* _What is being asked_
Output the full listing below exactly, without the pictures.

* _Data extract_
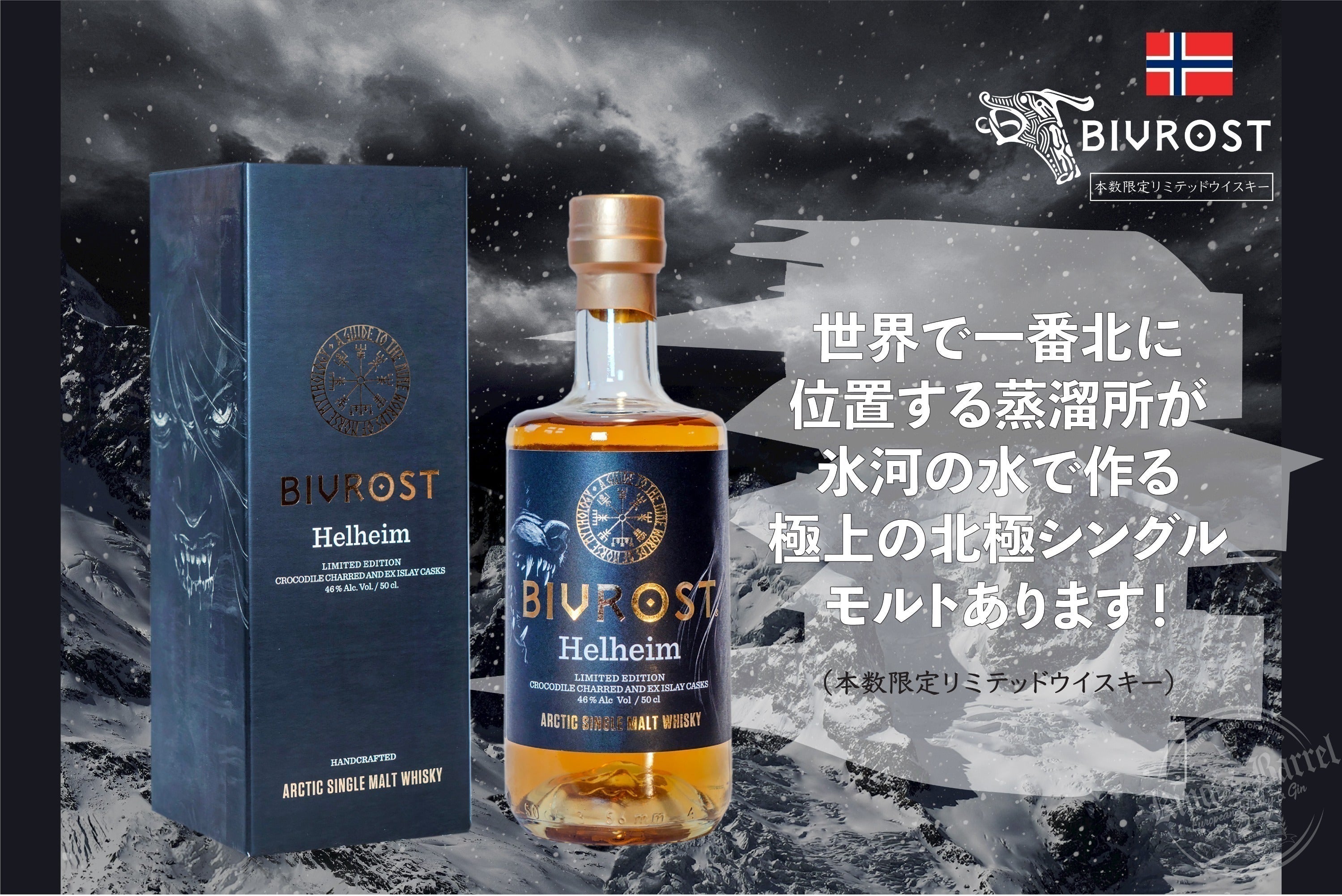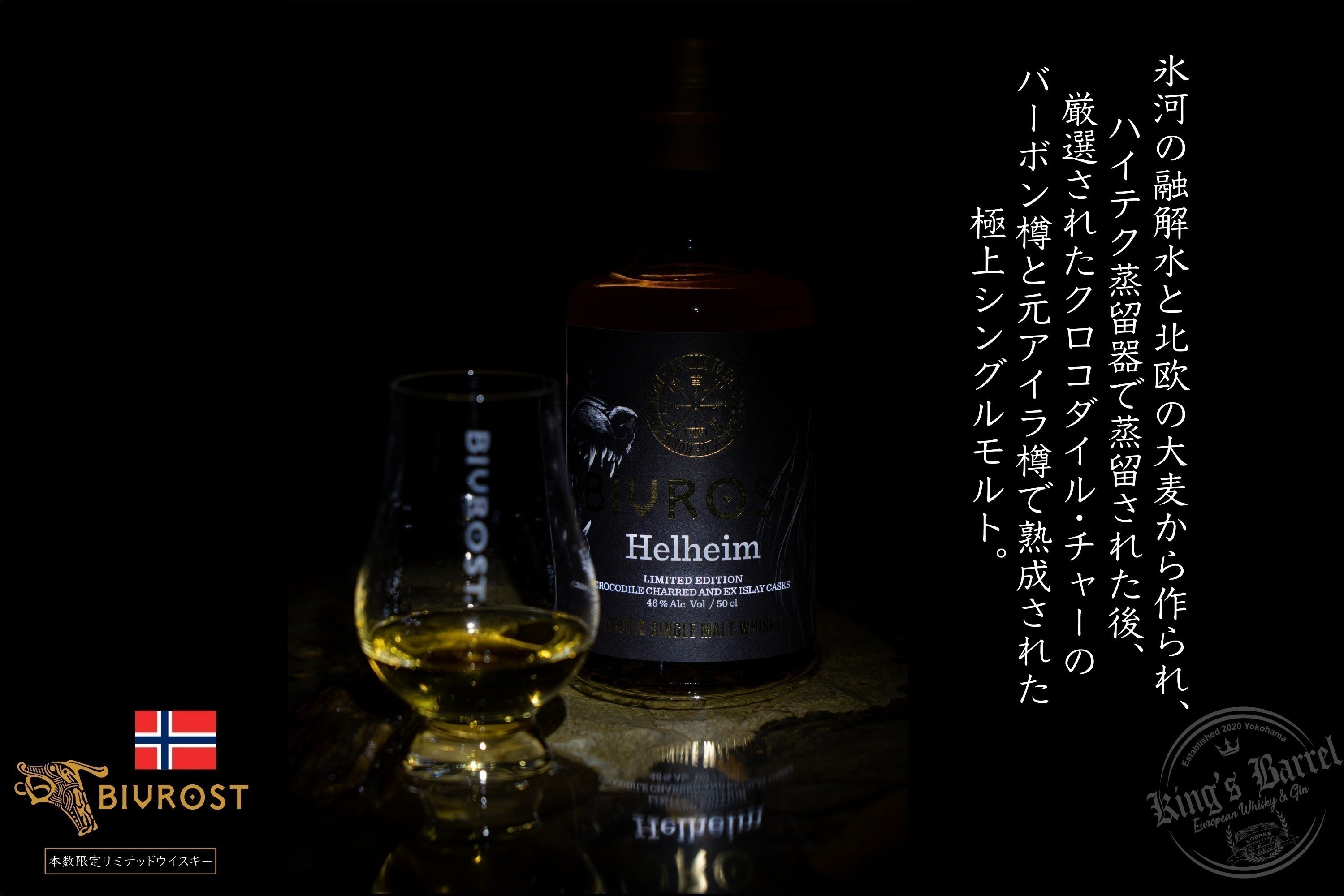 最近リリースされたシリーズ第6番目となる「ヘルハイム」は氷のように冷たい大地、ノルウェーの北極圏で氷河の融解水と北欧の大麦から作られ、ハイテク蒸留器で蒸留された後、厳選されたクロコダイル・チャーのバーボン樽と元アイラ樽で熟成される。バーボン熟成樽の内側を焦がす「チャー」と呼ばれる工程は3段階あり、ライト、ミディアム、そして一番激しく真っ黒にボロボロになるまで焼く焼き方を、焼いた表面がワニのウロコの様に見えることから「クロコダイル」(またはアリゲーター)と呼ばれる。この樽の焼き加減「クロコダイル・チャー」からくる強烈なスモーキーさが、「ヘルハイム」ウイスキーのスパイシーさと上質な葉巻のようなピートの香りをさらに際立たせ、甘くスモーキーな風味を持つ極上シングルモルトウイスキーへと仕上がっている。今回、日本の分としてKING's BARRELが確保した、そんな「ヘルハイム」ウイスキーをぜひ多くの日本のウイスキーファンにもぜひ味わって頂きたい。(本数限定のため、このプロジェクト終了後に当社確保在庫分が残った場合に限り通常販売を致します。)
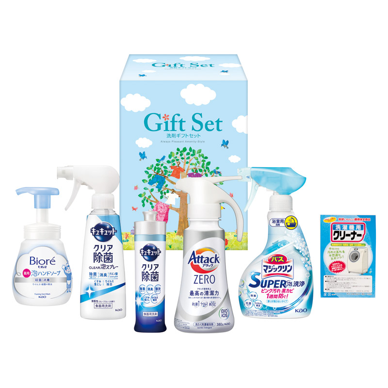 【内容】 花王アタックゼロワンハンド(約380g)、花王ビオレU泡ハンドソープ(約240ml)、花王キュキュットクリア除菌(約240ml)、花王キュキュットクリア除菌泡スプレー(約280ml)、花王バスマジックリン泡スプレー(約350ml)、洗濯機用クリーナーM×各1
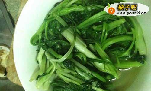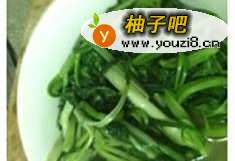 3锅中放入少量油,烧开后将菜苗放入,赶快翻炒,约1分钟,变色后加少量盐,少量鸡精。

* _Written answer_
 最近リリースされたシリーズ第6番目となる「ヘルハイム」は氷のように冷たい大地、ノルウェーの北極圏で氷河の融解水と北欧の大麦から作られ、ハイテク蒸留器で蒸留された後、厳選されたクロコダイル・チャーのバーボン樽と元アイラ樽で熟成される。バーボン熟成樽の内側を焦がす「チャー」と呼ばれる工程は3段階あり、ライト、ミディアム、そして一番激しく真っ黒にボロボロになるまで焼く焼き方を、焼いた表面がワニのウロコの様に見えることから「クロコダイル」(またはアリゲーター)と呼ばれる。この樽の焼き加減「クロコダイル・チャー」からくる強烈なスモーキーさが、「ヘルハイム」ウイスキーのスパイシーさと上質な葉巻のようなピートの香りをさらに際立たせ、甘くスモーキーな風味を持つ極上シングルモルトウイスキーへと仕上がっている。今回、日本の分としてKING's BARRELが確保した、そんな「ヘルハイム」ウイスキーをぜひ多くの日本のウイスキーファンにもぜひ味わって頂きたい。(本数限定のため、このプロジェクト終了後に当社確保在庫分が残った場合に限り通常販売を致します。)
 【内容】 花王アタックゼロワンハンド(約380g)、花王ビオレU泡ハンドソープ(約240ml)、花王キュキュットクリア除菌(約240ml)、花王キュキュットクリア除菌泡スプレー(約280ml)、花王バスマジックリン泡スプレー(約350ml)、洗濯機用クリーナーM×各1
 3锅中放入少量油,烧开后将菜苗放入,赶快翻炒,约1分钟,变色后加少量盐,少量鸡精。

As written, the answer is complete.